On 10/07/14 00:22, Tian, Kevin wrote:
>> From: Jan Beulich [mailto:JBeulich@suse.com]
>> Sent: Thursday, June 26, 2014 3:30 AM
>>
>> All,
>>
>> VT-d code currently has a number of cases where completion of certain 
>> operations is being waited for by way of spinning. The various 
>> instances can be identified relatively easily by grep-ing for all 
>> uses of DMAR_OPERATION_TIMEOUT (the majority of instances use that 
>> variable indirectly through IOMMU_WAIT_OP()), allowing for loops of 
>> up to 1 second. While in many of the cases this _may_ be acceptable 
>> (which would need to be proven for each individual case, also taking 
>> into consideration how many of these spinning loops may be executed 
>> in a row with no preemption/scheduling in between), the invalidation 
>> case seems particularly problematic: Using DMAR_OPERATION_TIMEOUT is 
>> a mistake here in the first place, as the timeout here isn't related 
>> to response times by the IOMMU engine. Instead - with ATS in use - 
>> the specification mandates a timeout of 1 _minute_ (with a 50% slack, 
>> the meaning of which none of us [Andrew and Malcolm brought this 
>> issue to my attention in private talks on the hackathon] was able to 
>> really interpret in a sensible way).
> yes, that's not a good design. Most waits happen in IOMMU 
> initialization, where 1s timeout is less a big issue. At runtime 
> cache/tlb flush and root entry manipulation are definitely not good with long spinning .
>
>> So there are two things that need doing rather sooner than later:
>>
>> First and foremost the ATS case needs to be taken into consideration 
>> when doing invalidations. Obviously we can't spin for a minute, so 
>> invalidation absolutely needs to be converted to a non-spinning model.
>> We realize this isn't going to be trivial, which is why we bring this 
>> up here rather than coming forward with a patch right away.
> ATS should be fine. Device TLB can ONLY be validated through qinval 
> interface, which is asynchronous so no need to consider 1 minute 
> timeout even in current spinning model.

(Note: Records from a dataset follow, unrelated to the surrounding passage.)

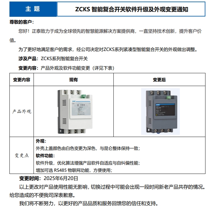 ZCKS 智能復(fù)合開關(guān)軟件升級及外觀變更通知
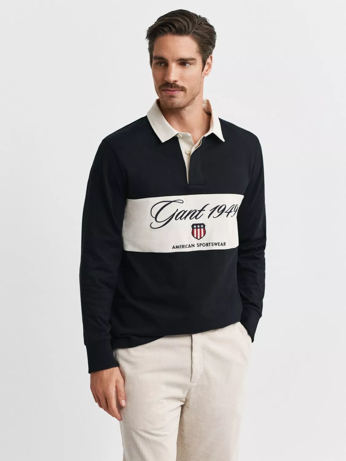 This heavy rugger, made from 100% cotton with a regular fit, is a must-have for any sportswear wardrobe. It features a color-blocked panel at the chest that is detailed with a Gant graphic embroidery. The design also features a twill collar, side slits, ribbed sleeve cuffs and a locker loop at the back.
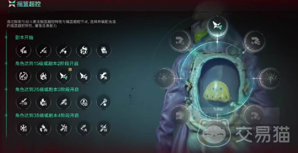 要说摇篮系统的具体玩法是借助科技树跟动态词条的机制,给玩家呈现出相对自由的技能定制体验。在这个系统中玩家需要解锁第1个boss那就是浮影猎手,借助密钥跟转能电池,就能够逐步激活四大类的配方,这里的四大类分别为采集,工艺,经营,建造。随后玩家借助升级,就能够解锁多个摇篮节点。
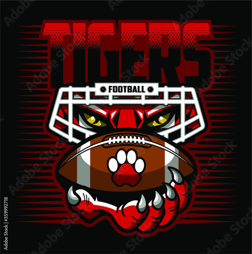 Naklejka premium tigers football team design with mascot, facemask and ball for school,...
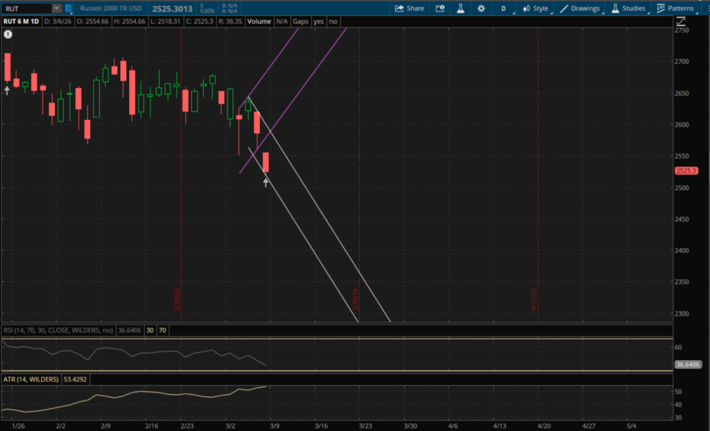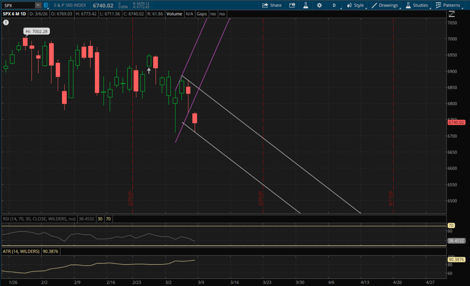 The S&P also started a new downtrend yesterday after it broke and closed below its prior uptrend support. The difference here is that it's already at the bottom of this new range. But it can still go lower to test the support again on Monday which will be at about 6,695. It closed at 6,740 yesterday and there is still risk of a gap below this 6,695 level on Monday due to the elevated volatility. If that happens, then 6,695 will become resistance on a bounce. On a rally attempt the next resistance to watch would also be from this new downtrend (white) at about 6,840 with more resistance from its prior uptrend (purple) at about 6,860-6,865.
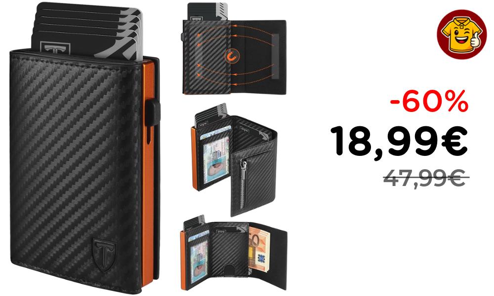 💳 TEEHON Portafoglio Uomo Slim RFID Fibra di Carbonio Nero Orange
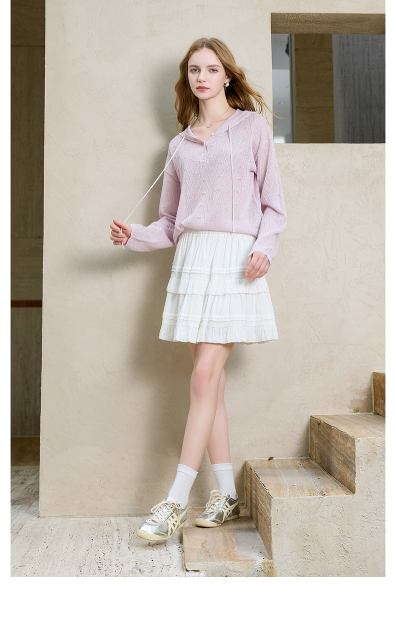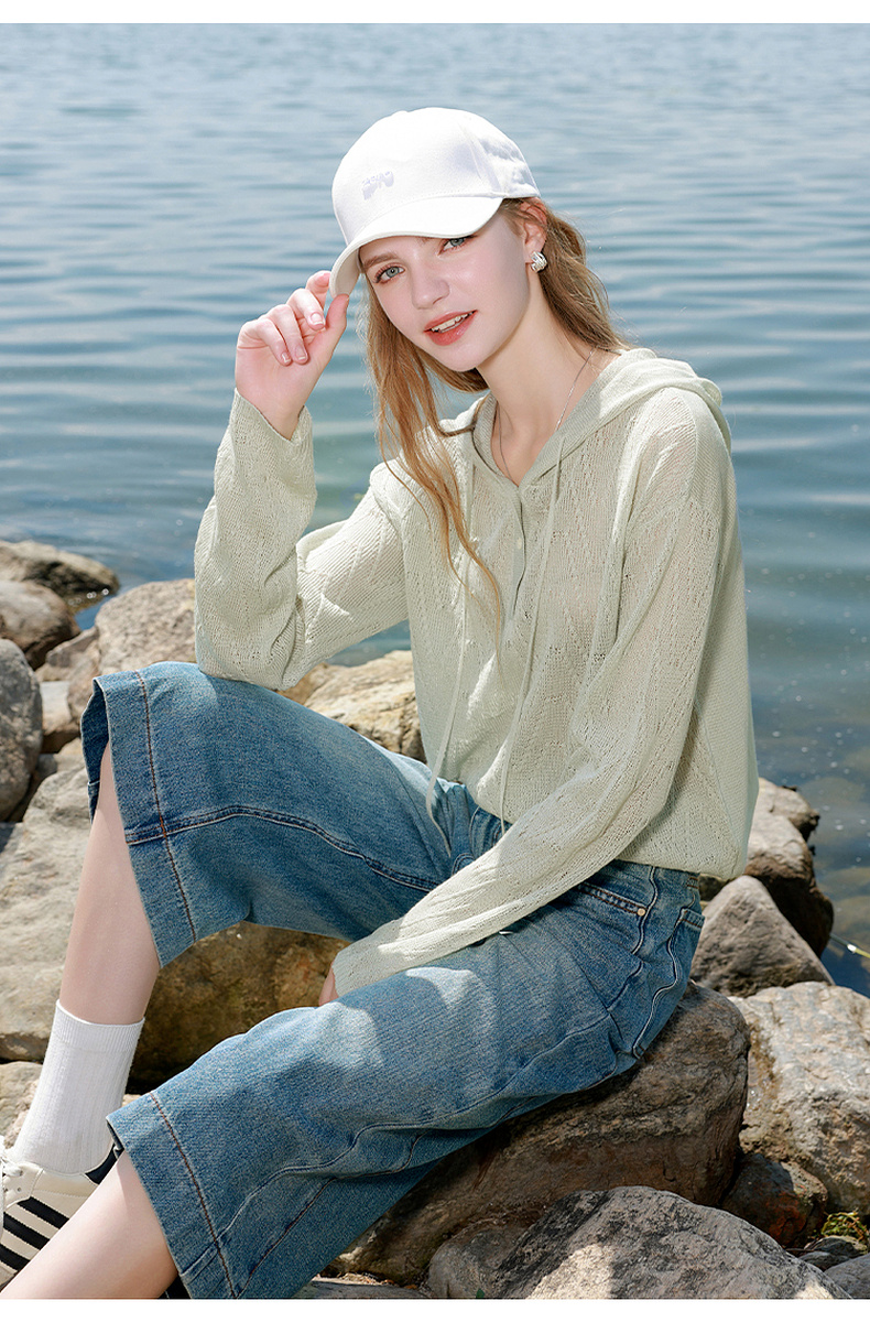三彩2025秋季新款慵懒简约宽松连帽休闲长袖针织衫套头毛衫M
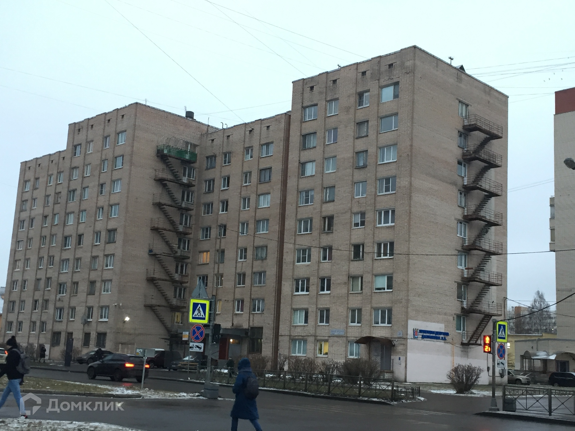 -Тип постройки - кирпичный дом 9 этажей, довольно необычного для кирпичных домов того времени серо-розового цвета.
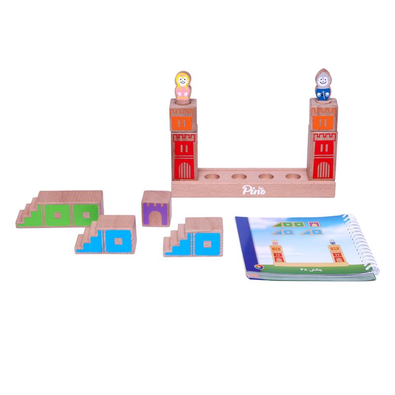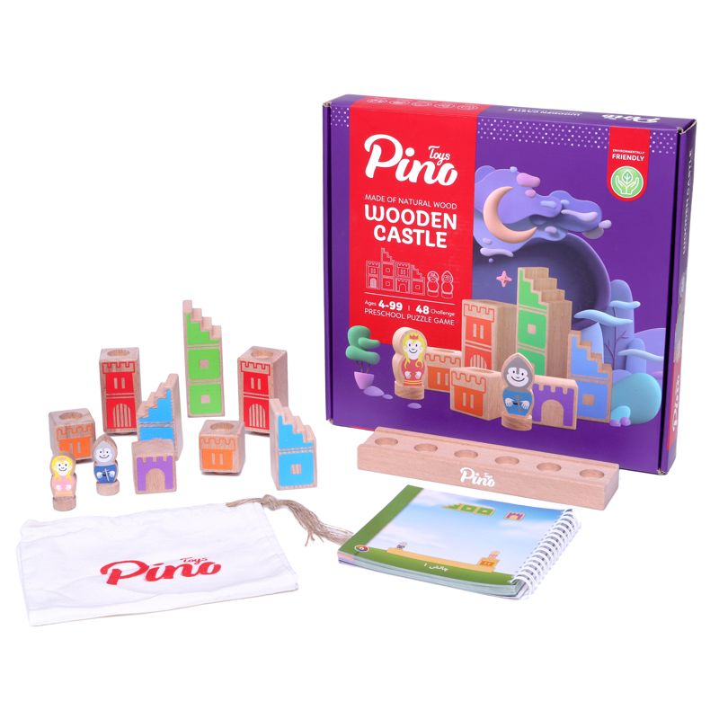 در این بازی معمایی جذاب، کودکان قطعات را با تفکر منطقی و استدلال یکی یکی میچینند تا شوالیه را به شاهزاده خانم برسانند. بازی شامل ۴۸ معمای سه بعدی مختلف است که از آسان به سخت شمارهگذاری شدهاند. قطعات همگی از چوب طبیعی و رنگهای بیخطر ساخته شدهاند و ضمن ایجاد حس خوب بازی با چوب، از ایمنی کامل برای کودکان برخوردار هستند. بازی فکری قلعه چوبی دقت و تمرکز و اعتماد به نفس را در کودکان افزایش میدهد و مهارت حل مسئله و توانایی تصمیمگیری را در آنان پرورش میدهد.

There are currently no asynchronous invalidations in Xen. ATS certainly is a problem.

>
>> Second, looking at Linux (which interestingly enough also spins, and 
>> that even without any timeout) there are flags in the fault status 
>> register that can be used to detect at least some loop abort conditions.
>> We should definitely make use of anything that can shorten these 
>> spinning loops (as was already done in commit dd6d87a4 ["VT-d: drop 
>> redundant calls to invalidate_sync()"] as a very tiny first step). 
>> The main problem with trying to clone at least some of the 
>> functionality from Linux is that I'm not convinced the replaying they 
>> do can actually do anything good. Plus it's clear that - spinning or 
>> not - the consequences of an invalidation request not completing 
>> successfully need to be taken care of (and it's of no help that in 
>> all cases I looked at so far errors passed up from the leaf functions 
>> sooner or later get dropped on the floor or mis-interpreted).
>>
>> And finally, all other spinning instances need to be audited to make 
>> sure they can't add up to multiple-second spins (iirc we can't 
>> tolerate more than about 4s without running into time problems on 
>> certain hardware).
>>
> In general yes a non-spinning model is better, but it requires 
> non-trivial change to make all IOMMU operations asynchronous. If ATS 
> is not a concern, is it still worthy of change besides auditing existing usages?

Even if the invalidation is only at the IOMMU, waiting milliseconds for the completion is still time better spent elsewhere, such as running VMs.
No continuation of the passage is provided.